You’re involved with the Bloodshot movie, which was surprising because you'd separated from Valiant, and it's a Valiant‑based movie.  How did that come about?
Shamdasani:  Hunter and I obviously have a legacy with the Bloodshot film.  Hunter, [Editor-in-Chief] Warren [Simons], and I were the ones that were pushing the film and TV balls forward at Valiant.  We developed Bloodshot for years, put the pieces together with Sony, Dave Wilson the director, and Eric Heisserer the writer who eventually came and wrote some comics for us, Secret Weapons, etc.

We had this knowledge of what had happened in the process.  Once the changeover happened at Valiant, Sony contacted us and said, "Hey, what does your deal look like? We'd love for you to stay on and be involved in the movie."  Everybody (Eric, Dave, etc.) was very adamant that we do that, so we took the mantle up and produced the film.

The movie's done and coming out early next year?
Shamdasani:  February 21st.

Valiant properties, while they have pretty broad awareness in the comics business, in the broader pop culture landscape they’re not well‑known.  How can a superhero movie about a relatively unknown set of characters be a success?
Shamdasani:  That's something that we talked a lot about.

Gorinson:  I would say, upfront, it's the exact same dilemma that we had when we were re‑launching Valiant.  We were keenly aware that those characters had been out of the marketplace for almost two decades at that point, hadn't been published in any real substantial way.

There's a whole generation of comic book readers who had never encountered them at all.  If they had, it had been maybe in a quarter bin.  They'd never seen on living on the rack.  We knew that we couldn't rely on name awareness or trademark alone.  We had to build what we thought were best‑in‑class comics regardless of what they were called, regardless if people knew what Valiant Comics were, or their legacy.

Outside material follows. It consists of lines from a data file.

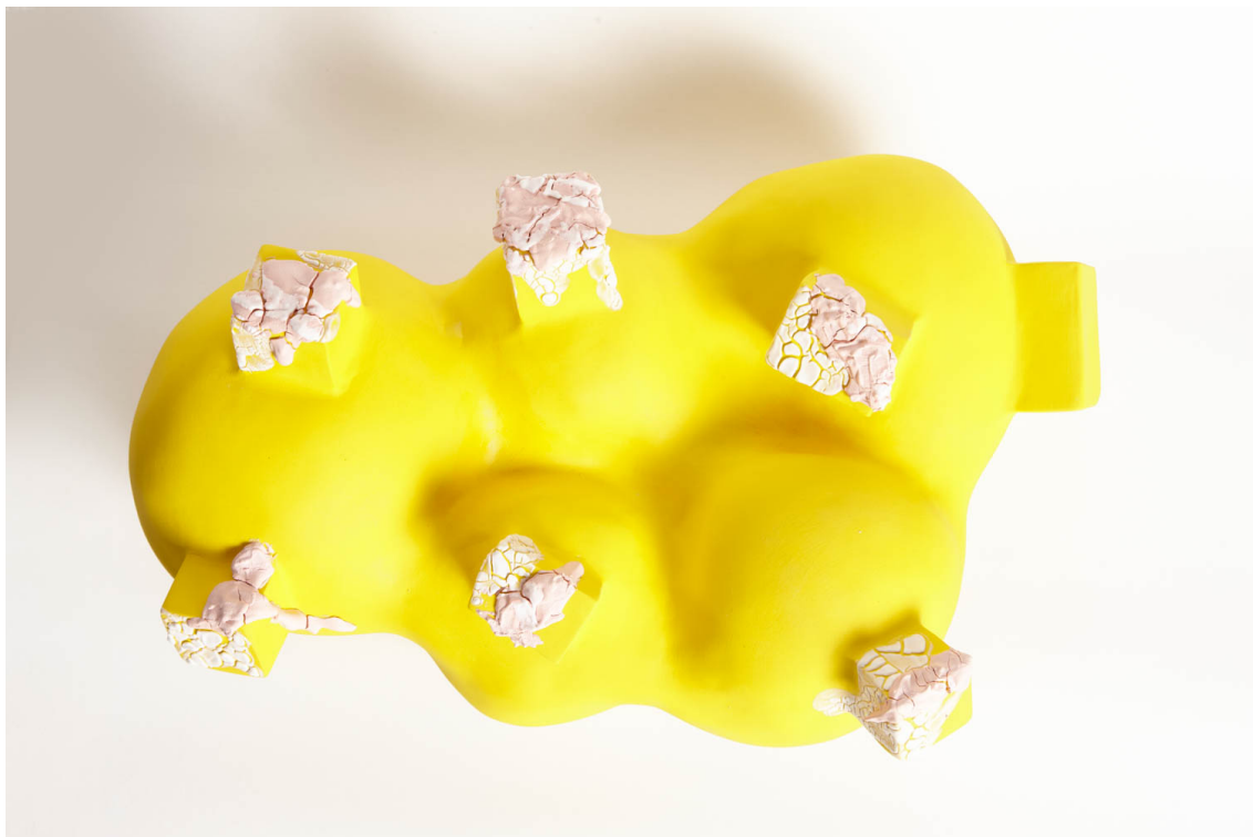
Yellow, ca. 2022.

I don't like it when they say that an artist should be always like the same thing—to have to continue on this one path. I don't think so. I think art is found in evolution, so I need to experiment with many forms. I don't want to stop myself by sticking to this or that design – I feel that I'm always discovering.
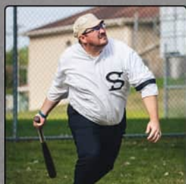
September 16 vs. Railroaders L 12 - 13
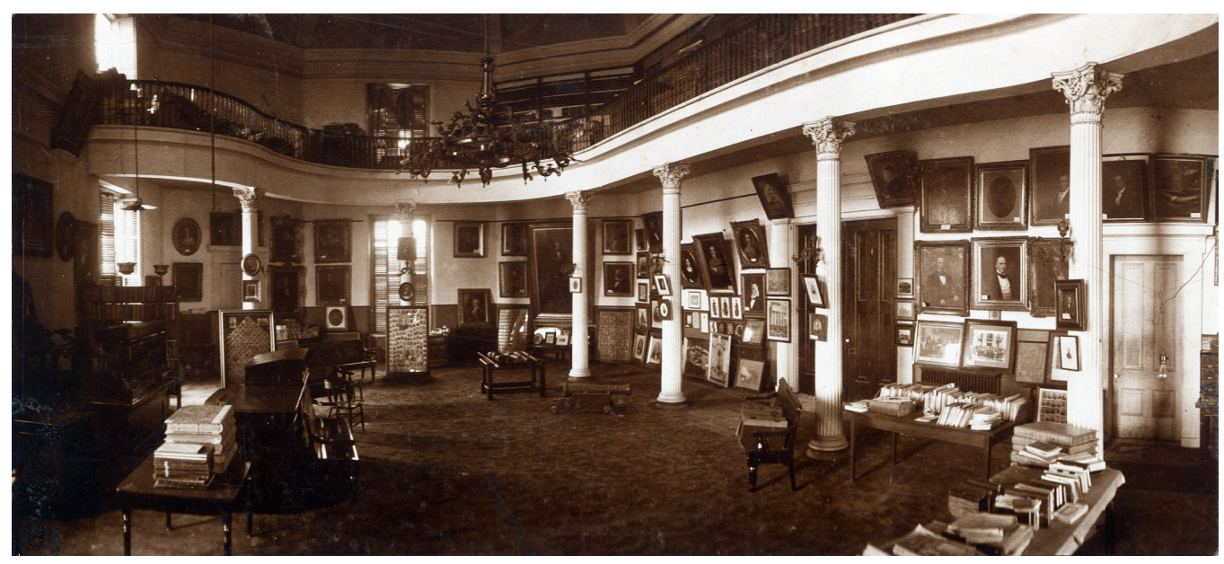
Collections of the Archives on view in the Senate chamber

and the American Historical Association both recognized Owen for his trailblazing work in the professionalization of state history and records preservation.
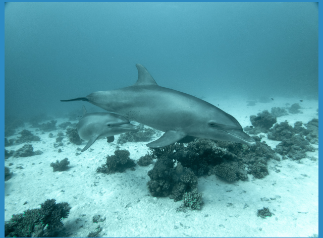
Figure 2 - Indo-Pacific bottlenose dolphin in the Northern Red Sea Islands IMMA.

The diurnal activity pattern of the Indo-Pacific bottlenose dolphins in the Northern Red Sea Islands was studied from 2012 and 2017 from vessel and/or
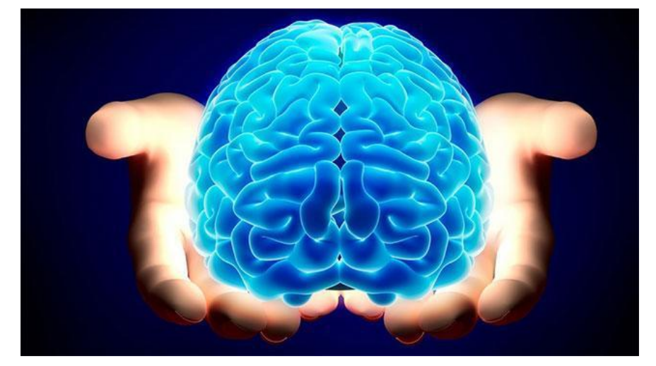
subconscious level of the brain
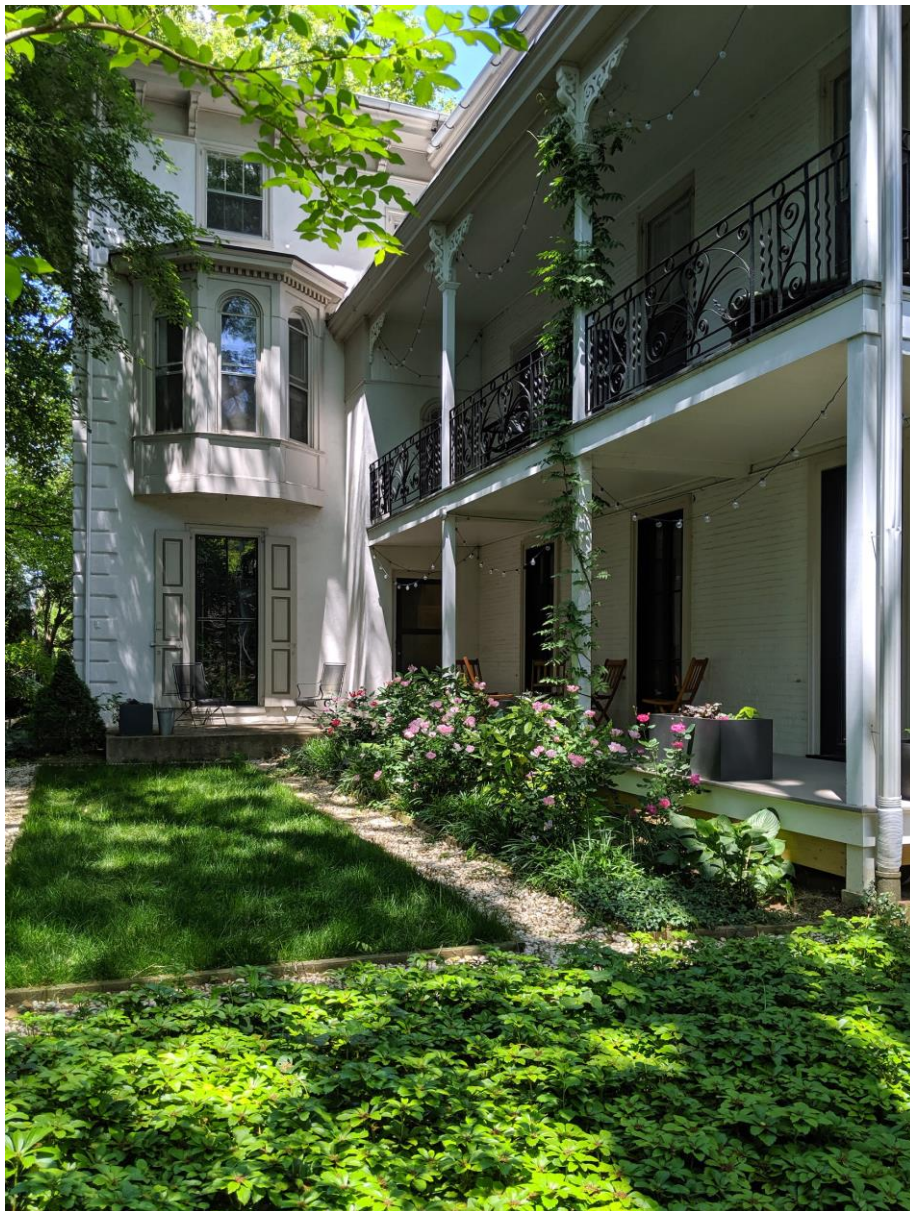
The Alumni Association meeting was held in the garden.

Each of these families witnessed tremendous change in the neighborhood, including urban disinvestment, the rise of the counter culture movement, the expansion of nearby Drexel University and University of Pennsylvania, and the slow pace of gentrification over many decades.
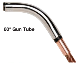
60° Gun Tube
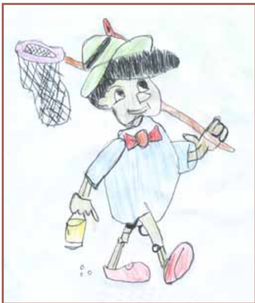
This is my drawing of Pinocchio. The quiz is at the top of the next column.

Pinocchio was written in the eighteen hundreds.
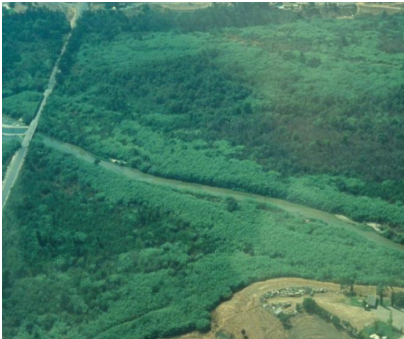
Aerial view of giant reed invasion in California
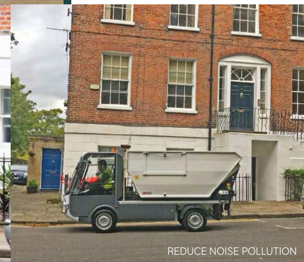
REDUCE NOISE POLLUTION
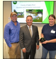
Friends of Hughes River Education and Community Involvement
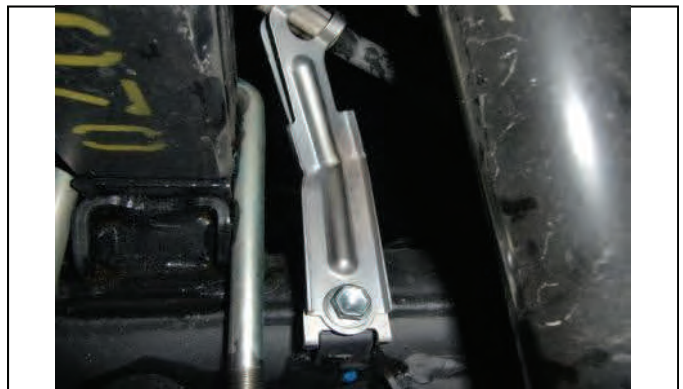
Remove brake line bracket bolt from axle tab.
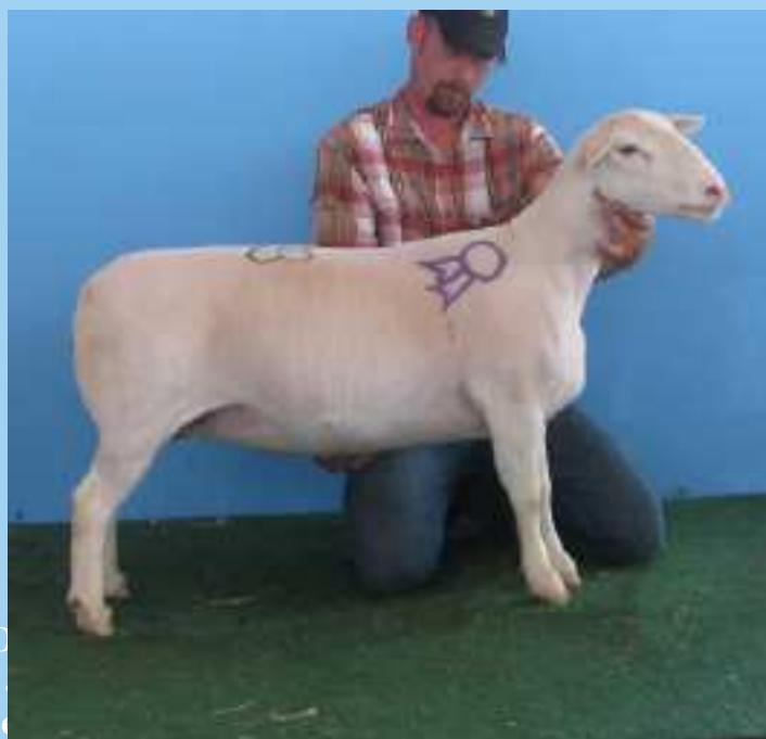
2013 National Champion White Dorper Ewe
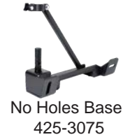
No Holes Base 425-3075
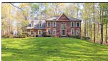
Fairfax Station Beauty - $869,000 Sited on 1 acre with gorgeous landscaping. Beautifully updated with attention to details throughout!

Charming 4 Bedroom/ 3.5 Bath colonial in terrific community! Sunny and updated throughout!
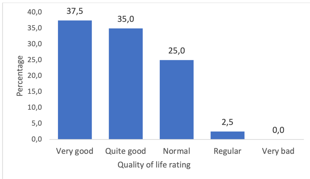
Figure 2. Satisfaction with health status among device users. Medellín, Colombia, 2024.
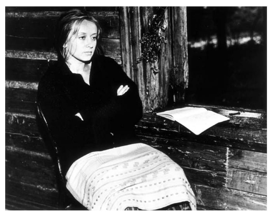
A still from 'Mirror' by Andrei Tarkovsky (Zerkalo [Mirror] (1974).)

Editing is ultimately no more than the ideal variant of the assembly of the shots, necessarily contained within the material that has been put on to the roll of film.
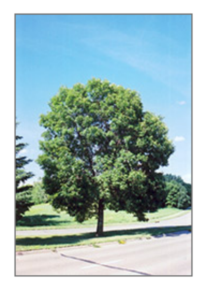
Green Ash
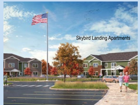
Skybird Landing Apartments

DePaul continued construction on the Skybird Landing Apartments in Geneseo, New York which will have a total of 60 units of housing for income-eligible tenants. The name of the project pays homage to Geneseo's National Warplane Museum, a warbird and military history museum founded in 1994. Thirty of the apartments are Empire State Supportive Housing Initiative (ESSHI) units and will provide on-site housing specialist support services that promote stability, health and independent living for persons with histories of unstable housing. DePaul broke ground on the project which features six buildings in December 2017 and anticipates completion in the spring of 2019.

We knew that 90 percent of the people who saw this character when we published it are probably going to be seeing it for the first time.  Trying to build the best comic without making it a nostalgia trip or without making it something that relied on awareness from the 90s.  That's something that we're certainly factoring into the way the film is built as well.

Shamdasani:  That's right. I think that's one of the key things.  There's three things, I would say.  Hunter's right; it's very similar to the approach that we took at Valiant.  If you take a look at X‑O Manowar, which is the book that launched the company in 2012, piece one was the brand outside of the IP.  In the case of X‑O Manowar, we put Cary Nord on that book, who was a brand unto himself.

There were many other publishers that when we announced that, were like, "Oh, so smart.  He brings the fan base; he's a great artist; moneyball.  In terms of Bloodshot, the brand is Vin Diesel.  He’s a massive movie star, with four franchises between Fast and Furious, Riddick, XXX, and Guardians.  He has 100 million followers on Facebook, 50 million on Instagram.  So he’s our brand.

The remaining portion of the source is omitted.